There are a lot of angles you could take writing about Tim Harris writing a positive piece about McGinn’s downtown public safety program. Taking two paragraphs to set up how much you assume the ideas are at odds, as Josh Feit (?), does here doesn’t strike me as particularly helpful.
McGinn started his term with the support of an unlikely alliance of social justice lefties (like Real Change director Tim Harris) and urbanist greens (like the Sierra Club, where McGinn once served as chairman); typically those factions are at odds, with the social justice activists criticizing the urbanists as bourgeois and the urbansits criticizing the social justice advocates as provincial.
McGinn had some success keeping the coalition together, vetoing the panhandling ordinance for example. But as he pushed hard on urban density and light rail he has rubbed some advocates for the city’s lowest-income and homeles sresidents [sic] the wrong way; they’ve argued that density and high-cost rail transit increase the cost of living for Seattle’s poorest.

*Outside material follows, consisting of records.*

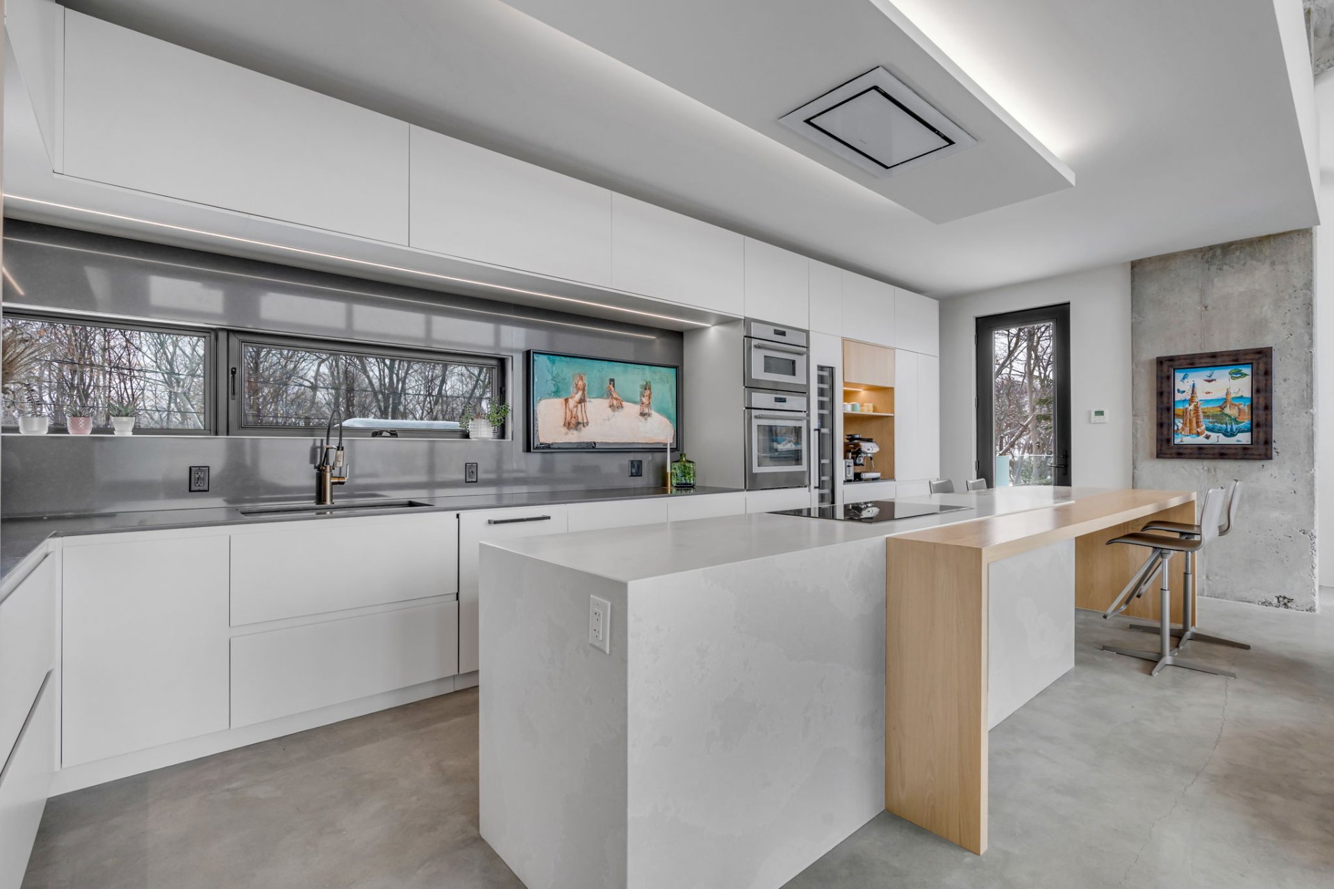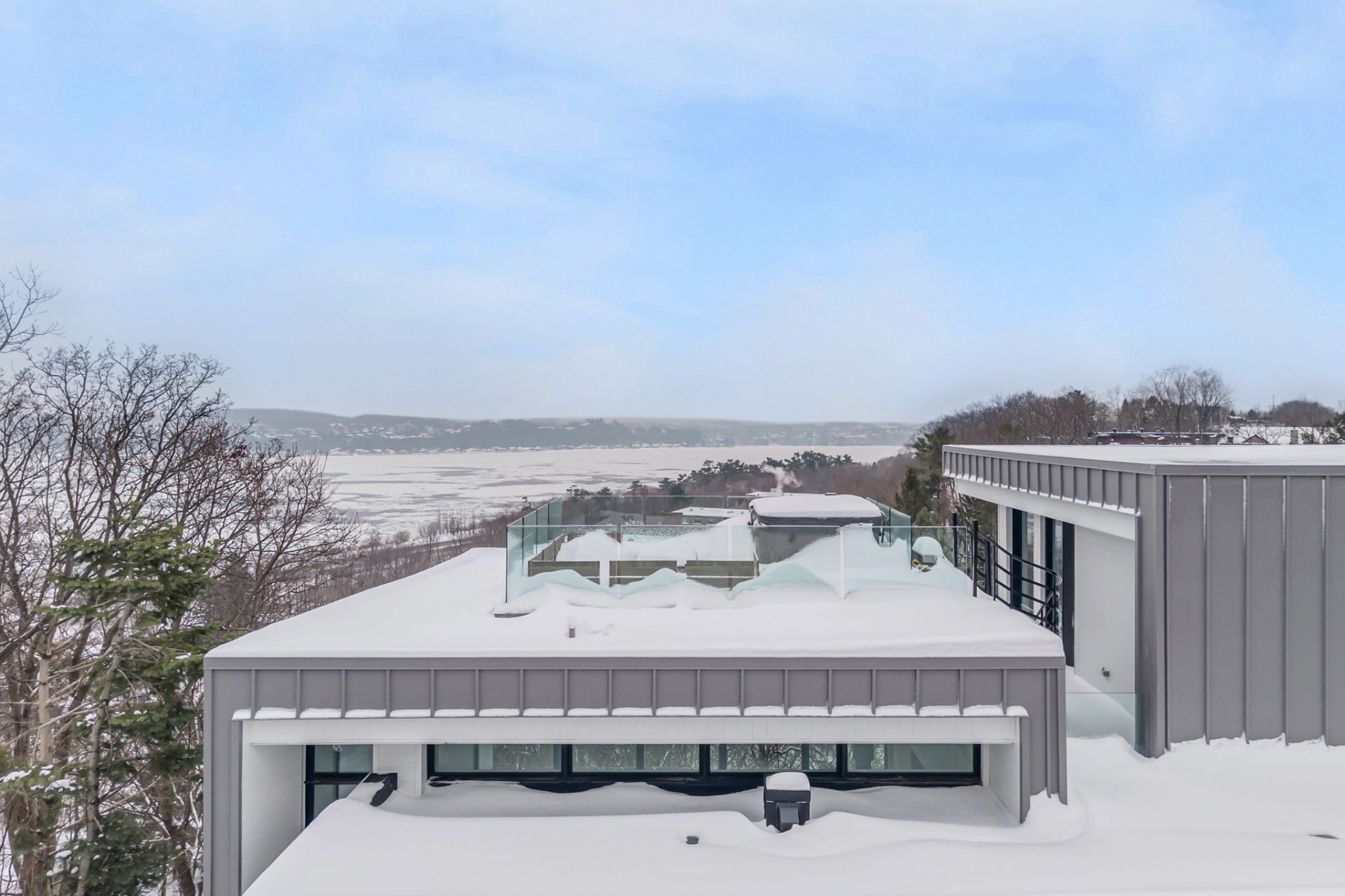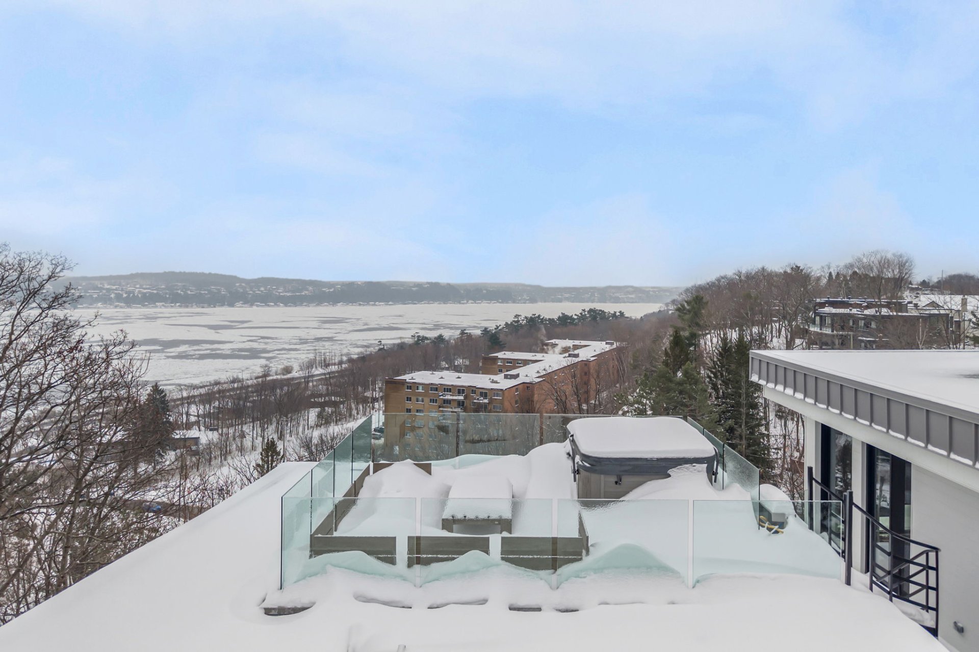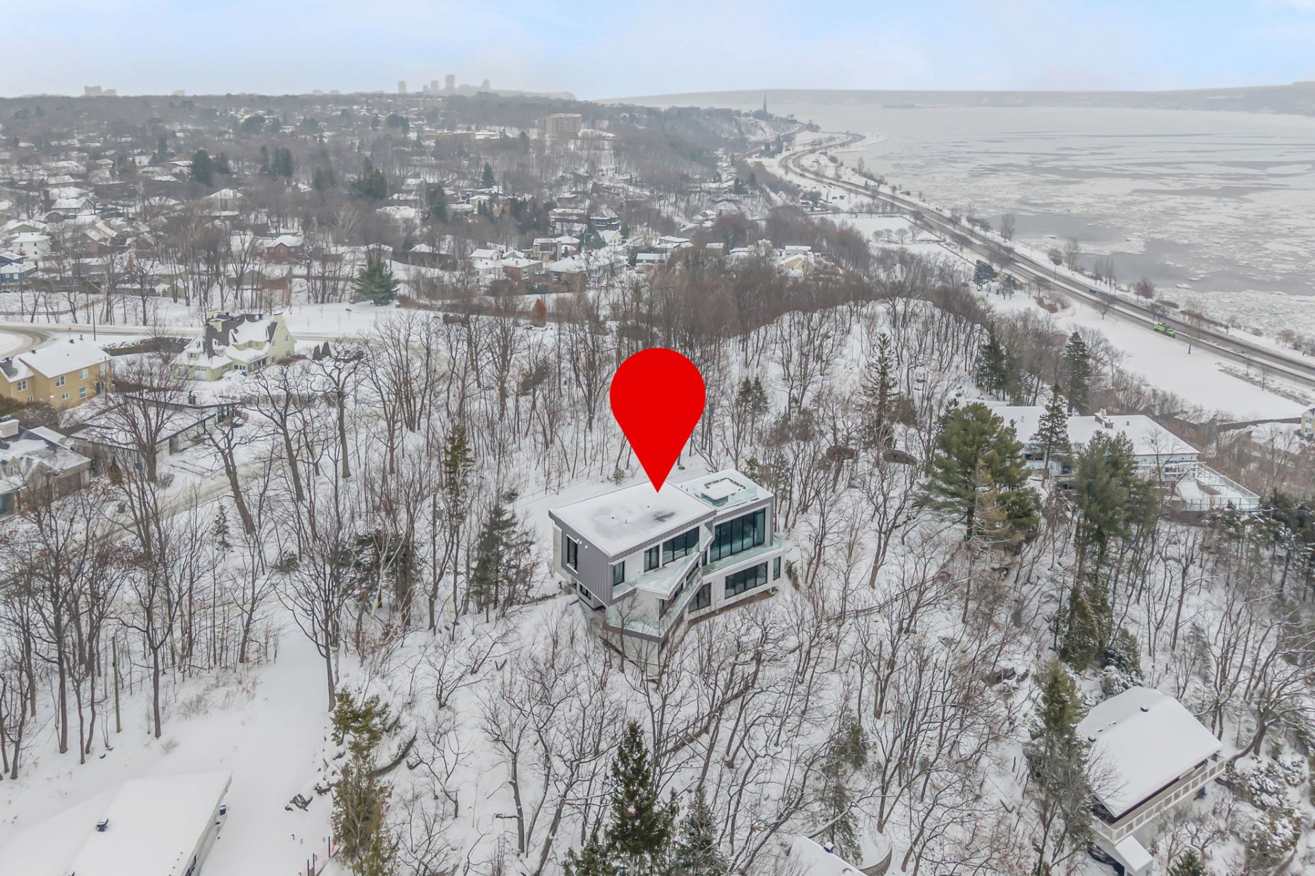 Built in 2023, this contemporary residence in Sillery embodies ultra-luxury through its bold and unprecedented architecture. It offers sweeping views of the Saint Lawrence River. The rooftop terrace is equipped with a spa, perfect for relaxing amidst lush panoramic surroundings. The oversized garage combines your passions seamlessly. The house includes 4 bedrooms, including a spectacular master suite occupying the entire upper floor. A masterpiece never seen before in this exclusive area. No matter where you cast your gaze through these monumental floor-to-ceiling windows, nature penetrates and soothes you. Unique!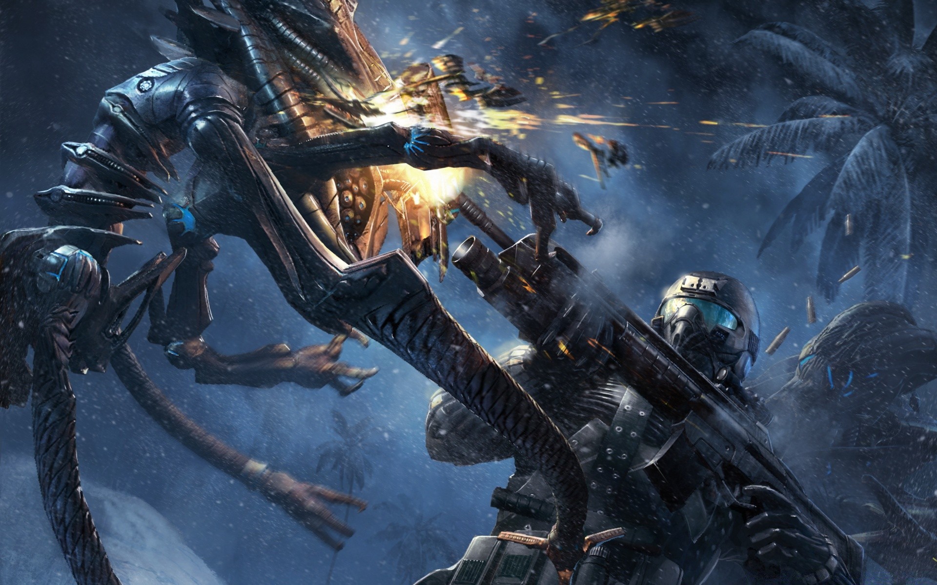 The hero of the game Farcry 4 in full combat gear leaves on the way to his jeep against the background of the sunset sky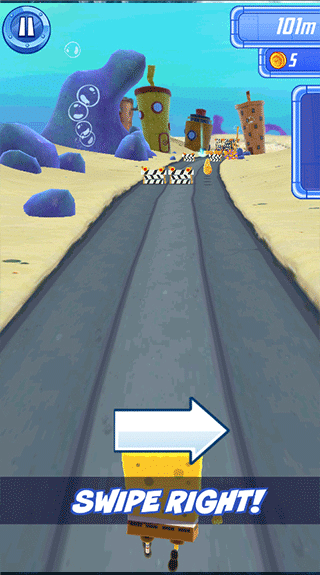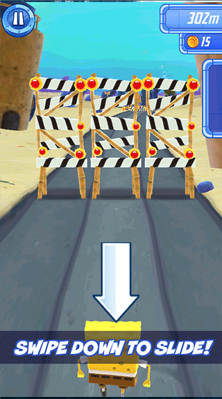 3、向左滑动,可以移动海绵宝宝到左边躲避障碍;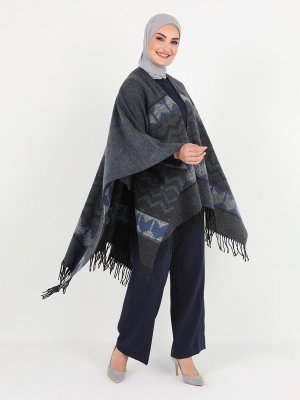 Tavin Mavi Lacivert Çift Yönlü Püskül Detaylı Desenli Panço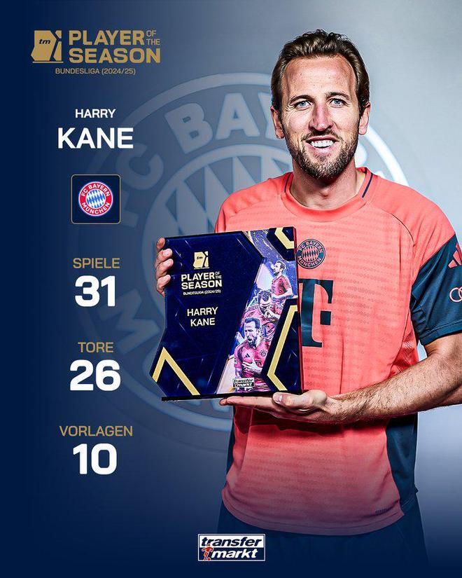 - 德甲 | 官方:凯恩获评德转202425赛季德甲最佳球员

I mean, I’ve always felt it was a natural alliance. People in Seattle are generally supportive of both goals. And given that bad environmental things are generally shitting on poor people, they’re pretty intertwined. Really, wanting to put transit in poor neighborhoods isn’t as opposed by social justice activists as the piece assumes (although dealing with higher prices, etc. that can come from it absolutely is part of the social justice agenda). Now recently, I’m not so sure how solid McGinn’s commitment to social justice is with his response to the DOJ on police accountability, for example.
Michael spews:
Social justice and healthy cities and good quality urbanism are a big part of the environmental movement.
Josh needs to get out more often.
Pete spews:
I think the word you’re looking for is “gentrification.” And no, social justice activists never have any qualms about that.